Ricacorp Properties Limited is one of the largest real estate agency companies in Hong Kong, providing residential, industrial, commercial, retail and car-parking spaces property agency services. Meanwhile, it also offers immigration consultation, surveying, auction and mortgage referral services for all types of properties. As of the end of 2018, the company has more than 220 branches and around 3,000 staff in Hong Kong.

The company initially focused on the residential sector in Hong Kong. To catch up with the rapid development in the property market, Ricacorp branched out to various sectors including commercial, industrial, retail, and overseas market in recent years. In 2005, the company set up Ricacorp (C.I.R) Properties and Ricacorp (Macau) Properties limited. Till 2018, it established Ricacorp (Zhuhai) Properties limited to enter the Greater Bay area market. The Surveyors Department and Ricacorp Overseas Property & Immigration Consultant Limited were also set up to enhance related services in the same year.

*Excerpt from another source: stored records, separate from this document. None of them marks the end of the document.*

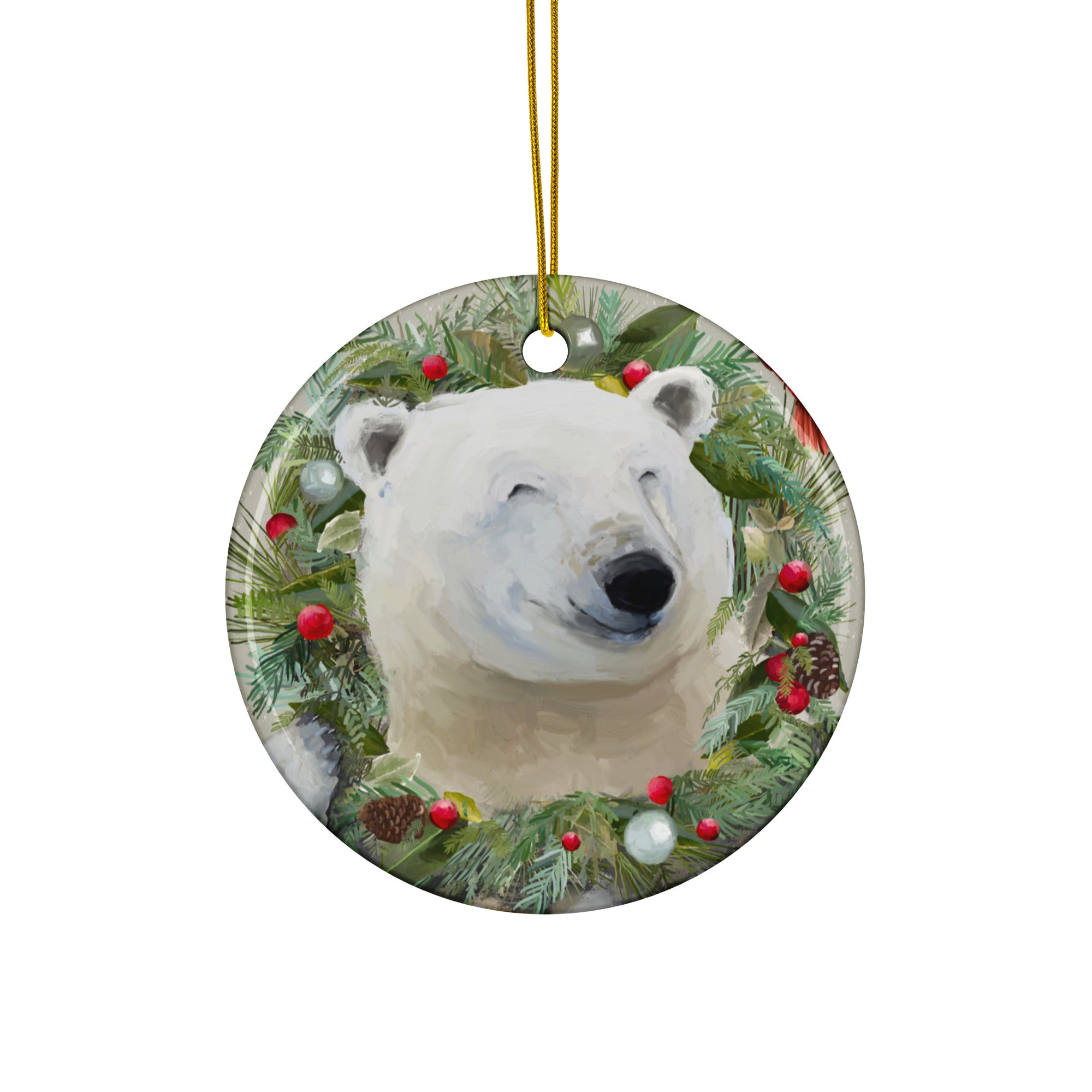 Bring the magic of Christmas to your home with this smiling polar bear, wearing a festive wreath, on this wonderful ornament.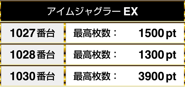 閉店時には3台が並んで1000pt以上を記録し、そのうちの1台は3900pt!!
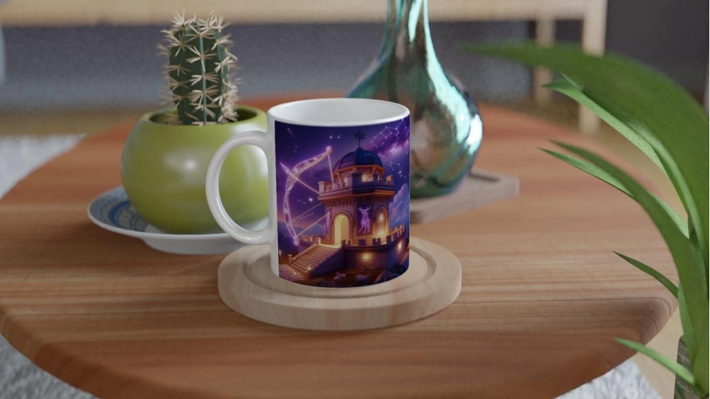 Yay Burcu Baskılı Kahve Kupası - Burçlar Krallığı Şatosu Vs1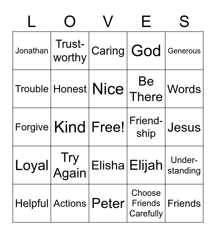 This bingo card has a free space and 34 words: You Can Do This!, Choose Friends Carefully, I Believe You, How Can I Help You, Loyal, Honest, Generous, Helpful, Trust- worthy, Happy, Nice, Caring, Encou- raging, Loves, Friend- ship, Words, Actions, Forgive, Try Again, Elijah, Elisha, David, Jonathan, Jesus, Peter, Friends, God, Pray, Be There, Trouble, Treat Others, Kind, Under- standing and Listen.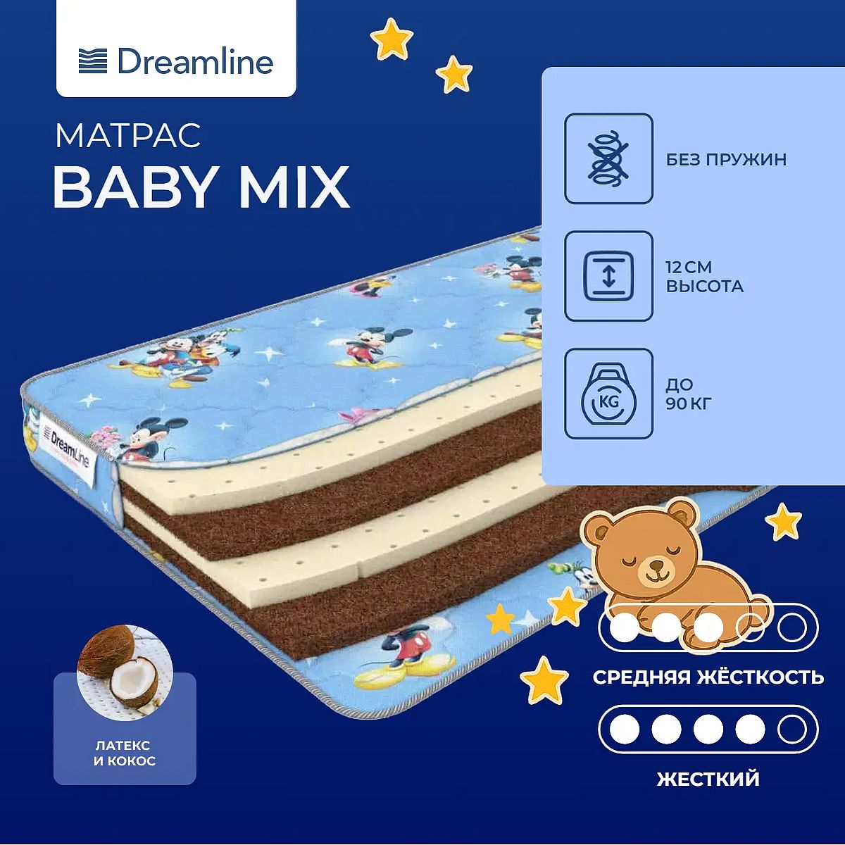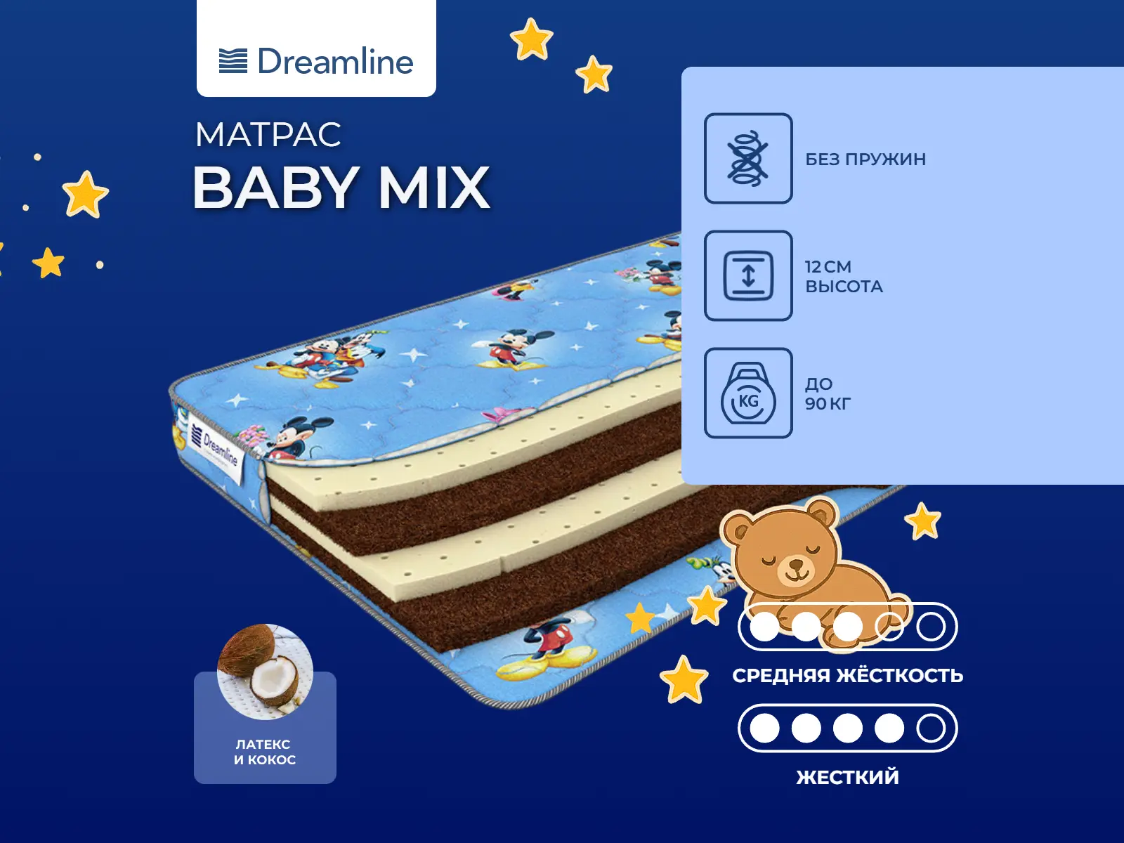 Нагрузка, кг: 90. Высота, см: 12. *Расцветка чехла матраса может отличаться от представленной на фото и зависит от наличия ткани у производителя. Наполнение моделиМодель не имеет пружинного блока в основе, материалами ее служат натуральный латекс и природный материал кокосовая койра. Оба наполнителя гипоалергенные и не способны вызвать аллергические реакции у ребенка. Кокос с одной стороны делает поверхность более жесткой и анатомичной. Материал создает надежную основу для еще не окрепшего позвоночника ребенка, создает постоянный воздухообмен на поверхности, в результате чего малыш не перегревается во время сна. Натуральный латекс с другой стороны создает более упругую и мягкую поверхность, на которой малыш может расслабиться, латекс способен снимать мышечные напряжения и восстанавливать кровоток, а также снимать болевые ощущения.Гипоаллергенный чехолЧехол модели представляет собой бязь, простеганную на гипоаллергенном холлконе. Чехол имеет рисунок.Защита матрасаДля защиты от загрязнений, нежелательных пятен рекомендуем купить защитный наматрасник или водонепроницаемый чехол. Он сохранит поверхность чистой, а также продлит срок службы матраса.Другие моделиТакже вы можете посмотреть другие детские модели: Dreamline Baby Latex TFK, Dreamline Baby Mix Slim.

Ricacorp was one of the first real estate agencies in Hong Kong to focus on removing fake real estate listings from their sites, which they credited with an increase in market share by 2021. The Competition Commission claimed that Ricacorp was one of three firms who colluded to maintain above-market commission rates, according to 2023 legal filings by the Commission against another of these firms, Midland Holdings.